Time carries us forward whether or not we want it to. It doesn't matter whether the wave you're riding is grief or anger, there really is no “going back”, only the illusion of a return to life before the pandemic. And we’re never going to return to life before racism, because it’s always been there. What we all should be saying is that we want everything to be okay, we want a good life for ourselves, our friends, our families, our neighbors, our world. We want a life where we don’t have to worry about dying from a plague --- or worry that we could be a silent carrier of plague death to the people around us. We want to feel safe. That’s what it all comes down to. Everyone wants to feel safe, whether you’re “birding while black” or attending a social event with lots of people. Safety is something a lot of people take for granted. Not people of color. It’s not a given for them. (It’s not a given for women, either.) The pandemic has stripped away that feeling of safety for a lot of people who had previously always felt safe in their own lives and activities. This is a good time to examine your assumptions about your life and examine your interactions (or lack of engagement) with the people you normally surround yourself with: friends, family, coworkers. Be diligent about protecting the health and safety of those people you see in real life. Be pro-health and anti-racist.

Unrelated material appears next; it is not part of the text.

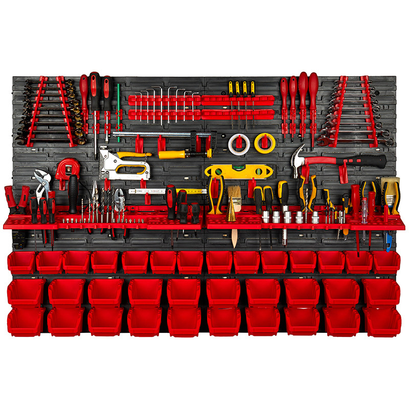 Ваші інструменти і витратний матеріал завжди під рукою, не розкинений і акуратно зібрані в одному місці. Розміщення елементів можна зробити за власним дизайном. Цю панель можливо модифікувати або зібрати згідно з вимогами ваших інструментів та інструментів (болів, гак, шурупів тощо). Панель складається з чотирьох пластмасових панелей Польского виробництва. Кожну частину можна прикріпити на 9 фіксаторів (саморізів, анкерів, дюбелів, болтів) до стінки, у свою чергу, це забезпечує стабільну фіксацію при дуже великих навантаженнях.

It is a time not to take anything or anyone for granted. Millions and millions of people are grieving, or recovering from a life-threatening illness all over the world right now. Here in America, the violence on the streets has caused additional deaths and injuries, resulting in more grief, more traumatized family and friends. Humanity is in danger of losing its humanity. Do not do anything either by action or lack of action to add to the pain and suffering of people you see, speak to, or otherwise interact with. Don’t judge: you haven’t walked in someone else’s shoes, and in some cases, you really can’t. If someone says they are oppressed or hurting, depressed or grieving, or need to stay in lockdown, believe them and support them. Do everything you can to reduce the pain and suffering in the world. Be there for the grieving, the distressed, and the oppressed. If there is one thing we’ve learned from the pandemic it’s that we need each other.


Thank you to all who have been there for me and supported me through this difficult time, especially my real life friends and family, my Patreon supporters, and my writer’s group. You are the best.